– На шканцы! – сказал конвой. – Ножи в руки! Сколько их всего?
– Шесть десятков! – ответил дель Роблес. – Мы их сомнем в одно мгновение!
Голголсен вынул пистолет из кармана, подсыпал пороху на полку, пошел к трапу.
– Стрелять нельзя! – шепотом напомнил шхипер.
– Я стар для того, чтобы рубиться, – ответил конвой. – Да и не так это просто...
Он поднялся на ют. Из люков, в серой мути моросящего дождя, отовсюду появлялись люди дель Роблеса. Склонившись, они шли вдоль бортов, один за другим, сильные, умелые, в хороших панцырях из гибкой стали, с длинными острыми ножами в рукавах.
Голголсен спустился на шканцы, мотая головой, сказал Крыкову по-русски:
– Пфа, как ошень колотный покод! Пфа! Мокрий покод!

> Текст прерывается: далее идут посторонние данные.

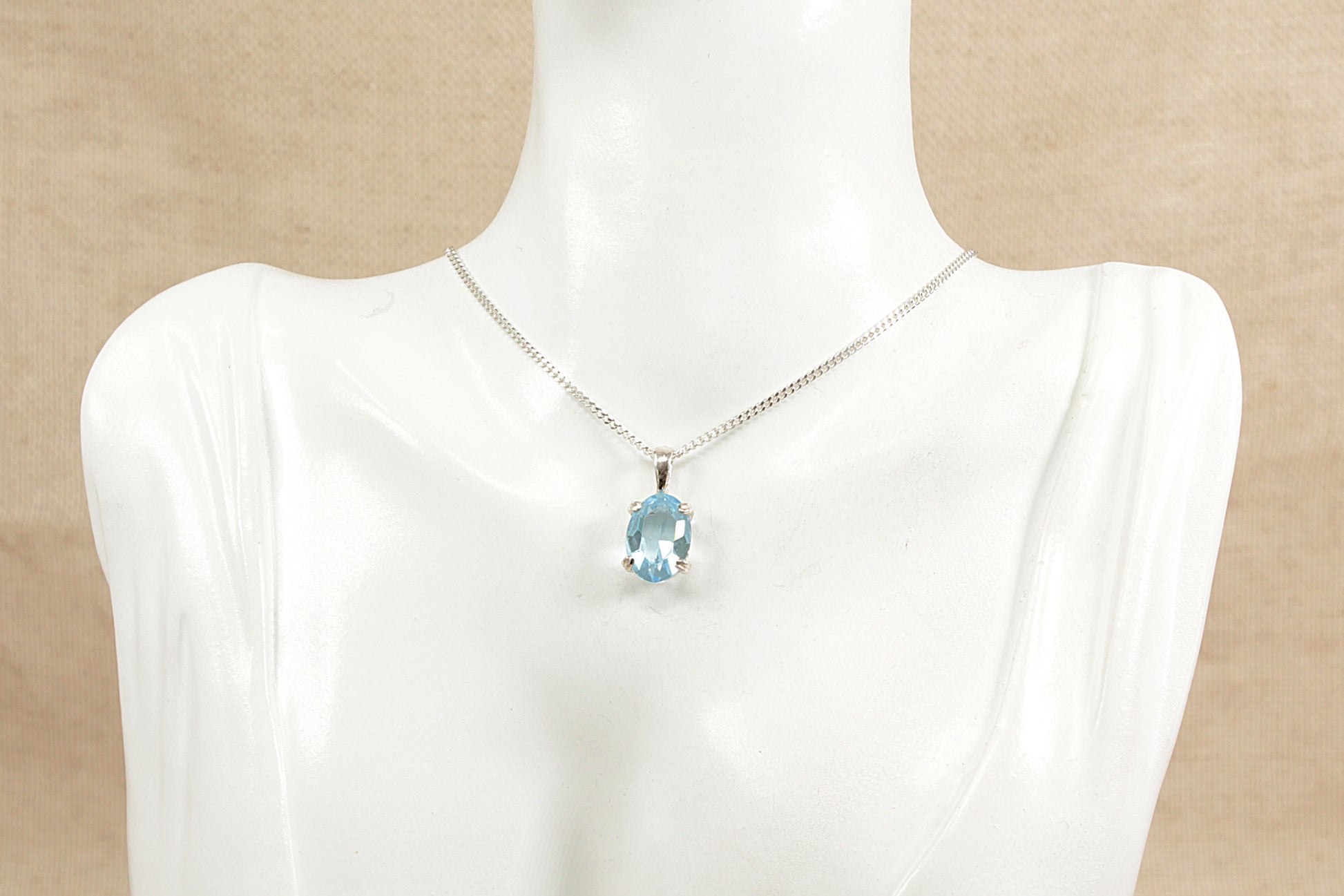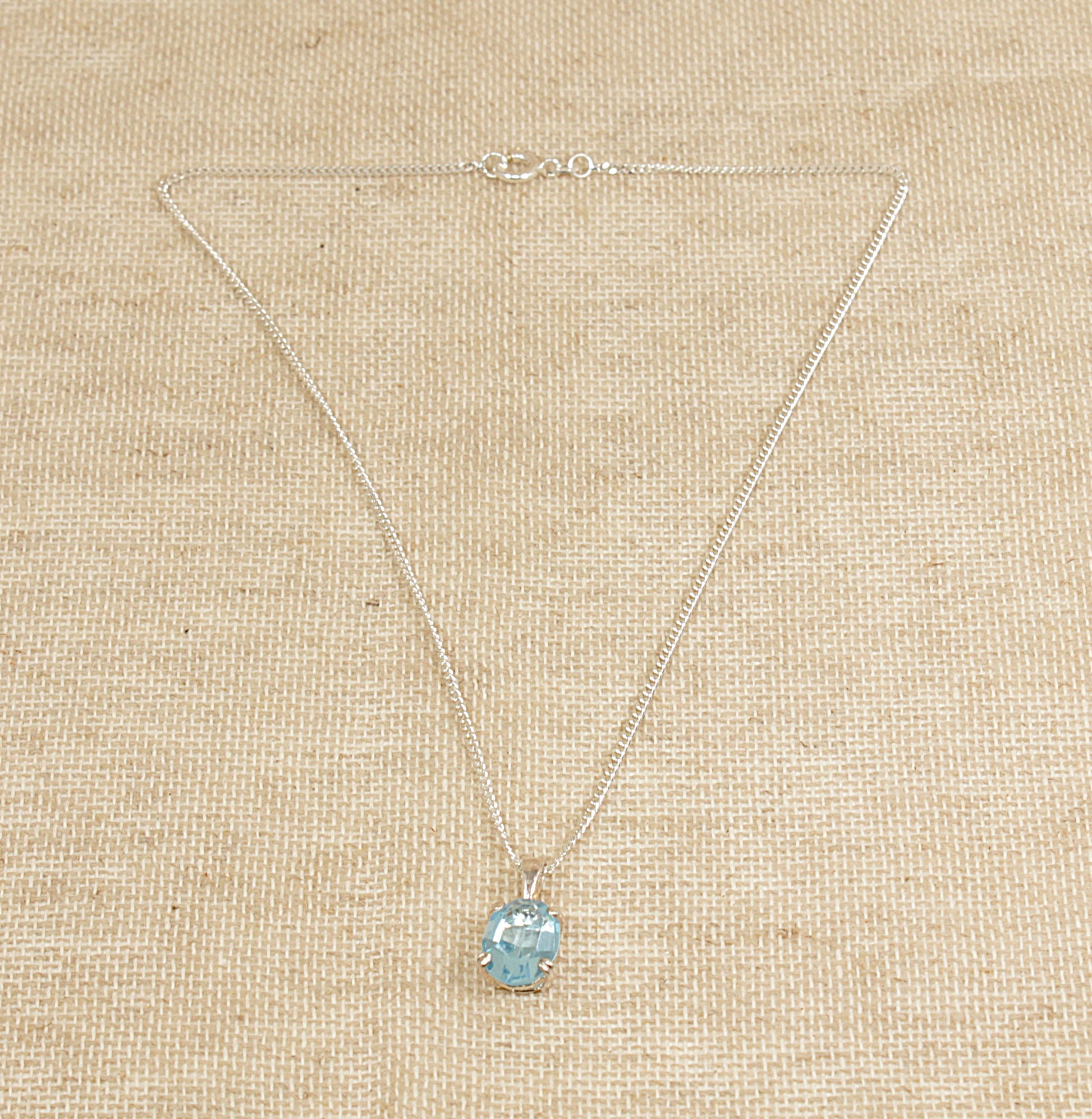 This beautiful Silver pendant showcases a large oval blue crystal that shimmers with captivating brilliance.
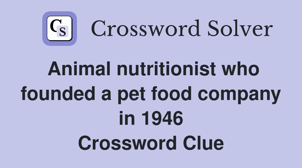 Animal nutritionist who founded a pet food company in 1946 Crossword

Крыков не ответил, стоял неподвижно, сложив руки на груди под плащом. Его капрал и солдаты ловко ворочали тюки. Теперь Афанасий Петрович нисколько не сомневался в том, что корабль воинский и построен вовсе не для добрососедской торговли, а для боев. Но уверенности еще было недостаточно, надобно было уличить воров, а когда уличишь – быть бою, добром шведы, разумеется, не отпустят таможенников с корабля. И Афанасий Петрович готовился к тому, что обязательно должно было случиться, – к сражению, и оглядывал шканцы, шкафут, бак не как корабль, а как поле боя, стараясь предугадать ход событий...
Голголсен стоял рядом, хмурился, – тоже ждал, не отрываясь смотрел на сереющие в сумерках огромные лари, в которых Джеймс скрыл своих солдат. Таможенники, шестеро в ряд, подходили все ближе и ближе к ларям, отваливая на ходу тюки и шомполами прокалывая мягкую рухлядь. Тюков было много, таможенники запарились...
– Для какой надобности на шканцах расположены сии лари? – спросил Крыков.
Конвой сделал вид, что не понял вопроса, и почти в это же мгновение стенка ларя бесшумно ушла в сторону, в пазы, абордажные солдаты с топорами шагнули на таможенников, те схватились за шпаги. Голголсен отступил на шаг от Крыкова, выбросил вперед руку с пистолетом, но выстрелить не успел, – желтое пламя опалило ему лицо, и он упал на бок, хрипя, с пулей в груди...
2. МЕХОНОШИН УДРАЛ
На корабле затрещали выстрелы.
Поручик Мехоношин сразу вспотел, ойкнул, побежал за караулку – седлать коня. Руки его не слушались, он задыхался, не мог толком затянуть подпругу. Выстрелы делались чаще и чаще, с Двины донесся протяжный крик. Мехоношин, пригибаясь, потянул коня на дорогу и только здесь сел в седло. Тут ему стало спокойнее, он перекрестился и, прошептав: «Шиш вот вам, стану я ради вас, прощелыг, помирать», – дал шпоры коню и поскакал к Архангельску.
В городе поручик без труда отыскал покосившуюся, поросшую мхом избу кормщика Лонгинова и вошел с тем властным видом, которого всегда страшились подчиненные ему люди. Однако Нил, еще не отдохнувший с дороги, хлебал щи и поручика не испугался, а белобрысый мальчик даже потрогал шпагу Мехоношина. Девчонка жалась в углу.
– Здорово! – сказал Мехоношин.
– Ну, здорово! – ответил Лонгинов, облизывая ложку.
– Ты и есть кормщик Лонгинов?
– А кто ж я еще? Известно – Нил Лонгинов.
– Сбирайся, тебя князь-воевода требует.
– Чего сбираться? Едва вошел – сбирайся! Дай хоть ночку поспать.
– Нельзя! – твердо сказал Мехоношин. – Спехом велено.
– Да на кой я ему надобен? – рассердился кормщик. – Будто и не кумились.
– Там узнаешь...
Нил вздохнул:
– Куда ж ехать-то? Съезжая будто на замок заперта, – солдаты на шанцах говорили. В самый в боярский дом?
Громыхнула дверь, вошла Фимка с деревянным подойником – доила корову.
– Вот офицер пришел, – виноватым голосом сказал Лонгинов. – К воеводе требует...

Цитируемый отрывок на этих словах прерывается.